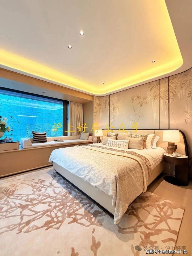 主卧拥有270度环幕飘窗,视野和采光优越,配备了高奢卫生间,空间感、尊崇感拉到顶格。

---------------

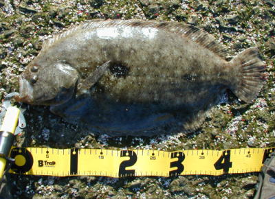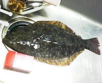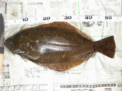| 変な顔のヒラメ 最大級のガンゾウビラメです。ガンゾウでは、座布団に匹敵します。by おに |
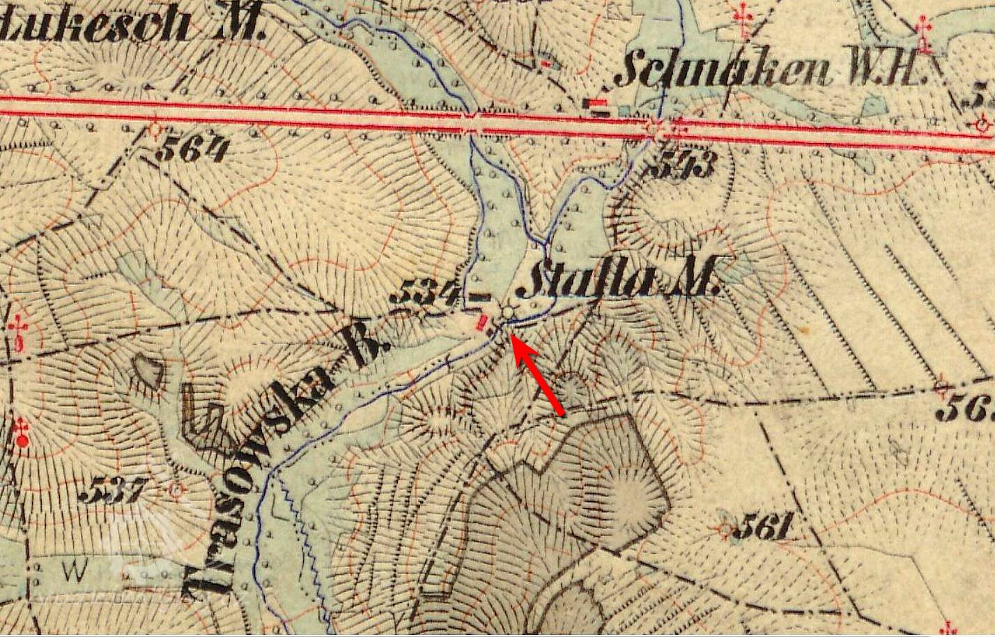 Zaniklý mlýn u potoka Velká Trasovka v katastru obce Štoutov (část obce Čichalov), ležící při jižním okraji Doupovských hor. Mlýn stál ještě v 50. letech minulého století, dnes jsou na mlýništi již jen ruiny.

---------------

Skipping every picture, transcribe exactly the lines above from the one containing "最大級のガンゾウビラメです。ガンゾウでは、座布団に匹敵します。by おに |" through the one containing "Zaniklý mlýn u", both included.

▸ Result:
| 変な顔のヒラメ 最大級のガンゾウビラメです。ガンゾウでは、座布団に匹敵します。by おに |
 Zaniklý mlýn u potoka Velká Trasovka v katastru obce Štoutov (část obce Čichalov), ležící při jižním okraji Doupovských hor. Mlýn stál ještě v 50. letech minulého století, dnes jsou na mlýništi již jen ruiny.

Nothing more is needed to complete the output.